Notre Dame's Farley takes interesting route
His sisters, Joy and Chara, look like supermodels but are really super business women. All three of Notre Dame sophomore safety Matthias Farley's older brothers have overstuffed trophy cases. Timon even played professional basketball in Europe.
"My parents have always been very supportive of whatever we have to do," Matthias Farley said. "My dad always joked around, 'If it's legal and you like it, do it.'"
What the Charlotte, N.C., product is doing these days is as absolutely legal, but just as improbable.
In just his fourth year of organized football, and one year removed from being a scout-team receiver at ND, Farley is the safety net on the nation's 10th-ranked pass defense and the surprise player on the country's surprise team.
The seventh-ranked Irish (5-0) look to continue their ascent from preseason unranked team to BCS title contender Saturday against a 17th-ranked Stanford team (4-1) that's bullied the Irish in their last three meetings.
In their most recent clash -- a 28-14 Cardinal victory in Palo Alto, Calif., last November -- Farley didn't even make the travel squad. He watched the game on TV back in South Bend. Four years ago, he was a soccer star on a bad Charlotte (N.C.) Christian team with absolutely no football aspirations.
Now he's in the thick of Saturday's story line.
"It's a crazy thing to hear or see from the outside," Farley said. "For me, sometimes you've got to take a step back and say, 'Wow, all this has happened in a very short order, but it's also happened for a reason.'
"I don't know exactly what the reason is and what will become of everything, but I know that things that have happened up to this point have led to the situation I'm in now. And I'm just trying to take that and do whatever I can do to the best of my ability."
What that looks like statistically is Farley has nine tackles and no emotional scars since taking over the No. 1 free safety spot from fifth-year senior Jamoris Slaughter just after halftime of ND's breakthrough 20-3 victory over Michigan State on Sept. 15. In that game, Slaughter tore his Achilles tendon, ending his season.

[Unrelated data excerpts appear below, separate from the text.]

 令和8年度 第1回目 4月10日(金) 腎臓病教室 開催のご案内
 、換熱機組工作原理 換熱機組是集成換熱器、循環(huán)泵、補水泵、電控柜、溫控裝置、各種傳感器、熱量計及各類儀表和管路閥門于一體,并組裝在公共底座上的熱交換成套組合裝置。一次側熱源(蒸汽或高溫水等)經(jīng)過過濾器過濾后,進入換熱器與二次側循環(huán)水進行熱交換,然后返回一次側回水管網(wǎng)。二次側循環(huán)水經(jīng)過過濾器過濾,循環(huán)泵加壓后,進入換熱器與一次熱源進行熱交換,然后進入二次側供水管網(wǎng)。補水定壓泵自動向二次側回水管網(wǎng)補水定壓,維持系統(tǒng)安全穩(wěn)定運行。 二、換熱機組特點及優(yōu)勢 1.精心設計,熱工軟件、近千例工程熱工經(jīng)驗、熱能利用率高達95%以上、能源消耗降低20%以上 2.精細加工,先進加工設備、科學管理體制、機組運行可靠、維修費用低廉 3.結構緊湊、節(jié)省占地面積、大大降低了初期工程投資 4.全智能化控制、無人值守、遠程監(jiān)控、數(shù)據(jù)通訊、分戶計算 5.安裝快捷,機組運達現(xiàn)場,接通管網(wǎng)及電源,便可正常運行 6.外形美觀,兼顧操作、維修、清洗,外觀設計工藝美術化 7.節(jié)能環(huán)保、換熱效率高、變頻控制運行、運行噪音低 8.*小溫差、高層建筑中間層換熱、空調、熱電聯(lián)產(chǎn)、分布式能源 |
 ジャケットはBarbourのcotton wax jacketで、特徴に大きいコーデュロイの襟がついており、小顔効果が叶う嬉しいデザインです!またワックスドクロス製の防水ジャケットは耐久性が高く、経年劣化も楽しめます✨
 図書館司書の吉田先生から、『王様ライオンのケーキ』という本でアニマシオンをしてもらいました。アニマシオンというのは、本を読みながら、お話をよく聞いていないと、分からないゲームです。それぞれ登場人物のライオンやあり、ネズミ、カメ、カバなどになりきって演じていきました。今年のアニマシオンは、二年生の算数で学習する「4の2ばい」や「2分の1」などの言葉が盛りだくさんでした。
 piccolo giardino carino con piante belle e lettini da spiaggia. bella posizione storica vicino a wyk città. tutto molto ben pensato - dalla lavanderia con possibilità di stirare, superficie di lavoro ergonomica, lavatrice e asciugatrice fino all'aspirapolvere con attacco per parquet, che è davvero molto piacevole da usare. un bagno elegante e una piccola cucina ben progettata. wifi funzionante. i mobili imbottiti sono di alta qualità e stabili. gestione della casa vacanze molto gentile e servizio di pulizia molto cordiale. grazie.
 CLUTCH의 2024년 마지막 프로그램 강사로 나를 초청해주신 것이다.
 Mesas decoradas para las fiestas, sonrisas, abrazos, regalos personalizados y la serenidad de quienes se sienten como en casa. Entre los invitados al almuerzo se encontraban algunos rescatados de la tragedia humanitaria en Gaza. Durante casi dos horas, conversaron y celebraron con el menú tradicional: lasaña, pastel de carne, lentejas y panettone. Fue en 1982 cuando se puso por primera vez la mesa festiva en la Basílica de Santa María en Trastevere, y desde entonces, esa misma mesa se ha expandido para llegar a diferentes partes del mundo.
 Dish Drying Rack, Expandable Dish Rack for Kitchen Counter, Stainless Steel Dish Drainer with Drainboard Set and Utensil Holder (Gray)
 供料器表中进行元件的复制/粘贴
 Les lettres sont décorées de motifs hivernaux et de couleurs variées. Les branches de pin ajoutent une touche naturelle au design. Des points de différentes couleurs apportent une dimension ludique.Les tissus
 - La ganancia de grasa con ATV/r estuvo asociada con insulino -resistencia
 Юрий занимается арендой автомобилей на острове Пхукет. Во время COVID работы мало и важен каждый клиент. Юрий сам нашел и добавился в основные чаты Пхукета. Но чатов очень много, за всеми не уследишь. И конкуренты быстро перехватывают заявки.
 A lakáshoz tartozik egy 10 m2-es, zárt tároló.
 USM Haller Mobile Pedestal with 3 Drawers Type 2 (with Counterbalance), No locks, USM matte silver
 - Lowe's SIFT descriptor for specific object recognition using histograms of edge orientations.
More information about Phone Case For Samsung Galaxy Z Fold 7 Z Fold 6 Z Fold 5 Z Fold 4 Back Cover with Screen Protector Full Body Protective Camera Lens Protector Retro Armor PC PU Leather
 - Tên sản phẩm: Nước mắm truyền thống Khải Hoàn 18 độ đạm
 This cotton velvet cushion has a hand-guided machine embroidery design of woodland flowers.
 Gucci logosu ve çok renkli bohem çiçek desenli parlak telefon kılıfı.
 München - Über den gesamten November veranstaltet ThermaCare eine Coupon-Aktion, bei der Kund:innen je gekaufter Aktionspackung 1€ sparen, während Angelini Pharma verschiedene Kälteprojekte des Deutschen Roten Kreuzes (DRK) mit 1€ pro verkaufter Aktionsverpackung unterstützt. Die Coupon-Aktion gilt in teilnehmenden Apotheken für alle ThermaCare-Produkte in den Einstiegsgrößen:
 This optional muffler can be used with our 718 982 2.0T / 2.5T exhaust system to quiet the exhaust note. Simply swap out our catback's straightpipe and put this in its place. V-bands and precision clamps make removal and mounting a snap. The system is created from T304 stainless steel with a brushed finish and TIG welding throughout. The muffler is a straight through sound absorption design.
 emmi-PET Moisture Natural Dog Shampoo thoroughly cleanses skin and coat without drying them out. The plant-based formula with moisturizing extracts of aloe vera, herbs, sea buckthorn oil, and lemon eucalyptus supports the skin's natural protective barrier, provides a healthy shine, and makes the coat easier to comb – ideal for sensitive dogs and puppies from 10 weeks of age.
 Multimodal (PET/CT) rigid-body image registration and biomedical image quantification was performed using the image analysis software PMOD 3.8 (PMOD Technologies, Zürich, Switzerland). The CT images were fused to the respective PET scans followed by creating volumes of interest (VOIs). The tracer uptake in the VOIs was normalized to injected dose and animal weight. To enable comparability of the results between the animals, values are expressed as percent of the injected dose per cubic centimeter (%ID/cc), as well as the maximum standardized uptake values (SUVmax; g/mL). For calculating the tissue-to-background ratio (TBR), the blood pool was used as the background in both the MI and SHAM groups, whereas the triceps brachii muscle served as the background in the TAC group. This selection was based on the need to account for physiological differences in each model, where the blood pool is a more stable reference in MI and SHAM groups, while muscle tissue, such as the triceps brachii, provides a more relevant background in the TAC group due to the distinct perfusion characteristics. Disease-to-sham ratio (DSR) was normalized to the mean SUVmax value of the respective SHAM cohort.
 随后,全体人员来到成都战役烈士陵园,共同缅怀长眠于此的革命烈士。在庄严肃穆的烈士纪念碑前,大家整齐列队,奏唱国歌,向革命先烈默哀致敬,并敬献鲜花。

But even for Farley to be the next man in at that point, makes the "Rudy" script look a little flat.
He finally gave football a try in the late spring of his sophomore year after soccer season had ended. Charlotte Christian head football coach Jason Estep and several close friends won him over.
Then he lost them. He showed up in green soccer cleats for his first practice. And that wasn't the worst of it. His movements were beyond awkward as he auditioned first as a wide receiver.
"When I went out for a pass, it looked like I was swimming every time I'd go into a break," he said, "so everybody knew what I was going to do. My arms looked like I was landing jets."
Playing defense came a little more naturally, since Farley's flaw as a soccer player was getting yellow cards for being overly physical. But the growth curve was so slow and painful, Farley's brother, Nathan, had to talk him out of quitting three or four times.
So did Charlotte Christian assistant Eugene Robinson, who refused to give up on his raw pupil. And that is why Farley wears No. 41 today, as a tip of the cap to the former NFL safety who wore that number during his 15-year pro career.
By the end of his first full season of football, Farley's junior year, there was a buzz about his potential in his new sport. North Carolina, N.C. State, Wisconsin and UCLA all offered scholarships before Notre Dame jumped in the spring of Farley's junior year.
At the time, his knowledge of Notre Dame football was limited to Knute Rockne, the Four Horseman and Rudy, but he knew all about the academic reputation. And by the end of April 2010, he committed to play at ND.